What’s included in this release?

As of September 5, 2023, this full release incorporates genomic, transcript, and protein data containing:

391,350,361 records

289,333,423 proteins

56,423,426 RNAs

sequences from 141,099 organisms

The release is provided in several directories as a complete dataset and divided by logical groupings.

Updates & announcements

New eukaryotic genome annotations

This release includes new annotations generated by NCBI’s eukaryotic genome annotation pipeline for 35 species, including:

Silvery gibbon, based on updated assembly HMol_V3 (GCF_009828535.3_2023_07)

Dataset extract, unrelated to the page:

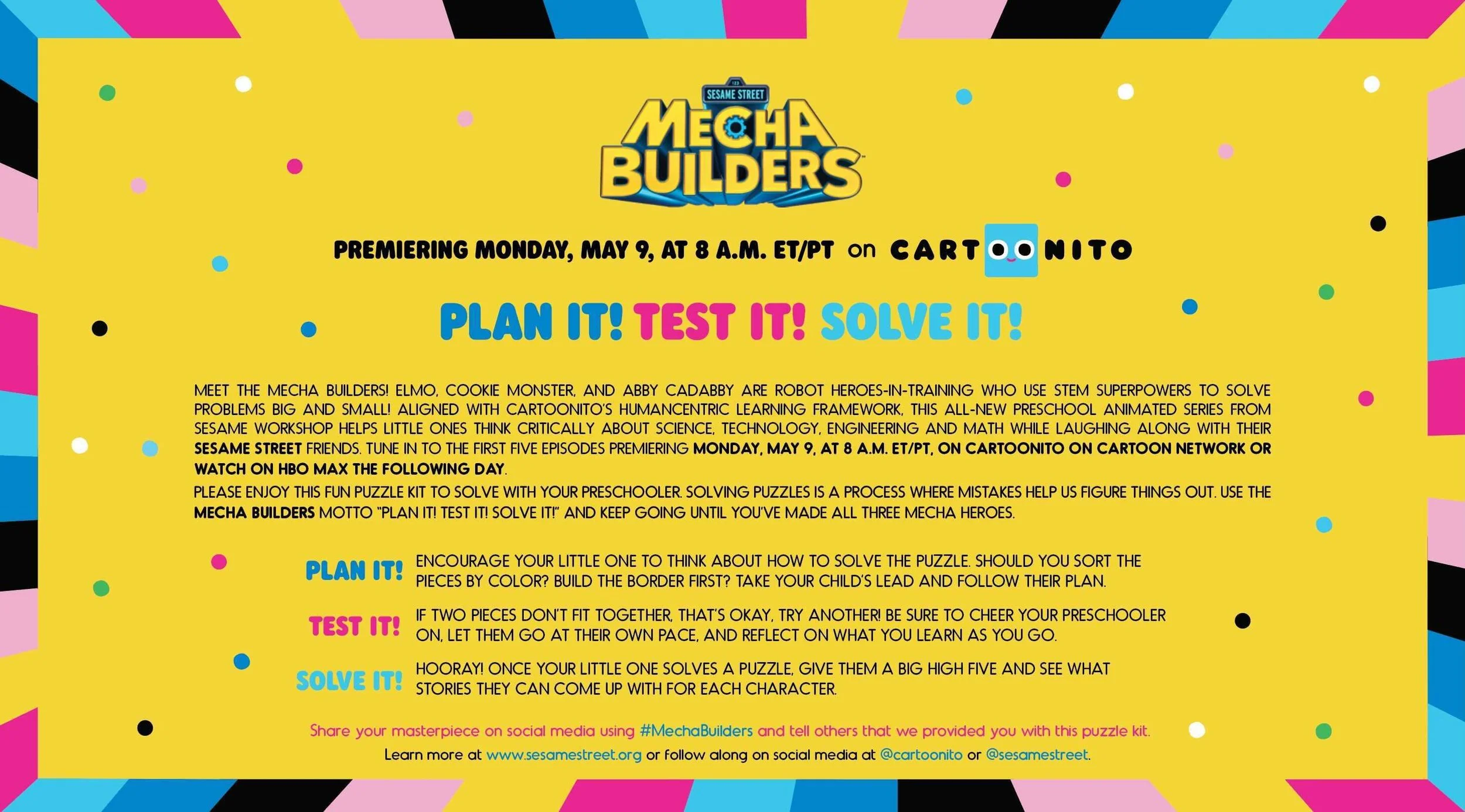 Objective - Create a press kit for the premier of Sesame Street Mecha Builders. Includes a show write-up and three character puzzles.

Cactus mouse, based on new assembly PerEre_H2_v1 (GCF_949786415.1_2023_08)

Black rhinoceros, based on new assembly mDicBic1.mat.cur (GCF_020826845.1_2023_07) (pictured)

Ahaetulla prasina, based on new assembly ASM2864084v1 (GCF_028640845.1_2023_07)

Tigriopus californicus, based on new assembly Tcal_SD_v2.1 (GCF_007210705.1_2023_08)

Magnolia sinica, based on new assembly MsV1 (GCF_029962835.1_2023_07)

Future changes

The Eukaryotic Gene Annotation Pipeline software was recently updated to version 10.2.

The release notes are available here. The updated processes and reporting will apply to new annotations in the next release (November 2023).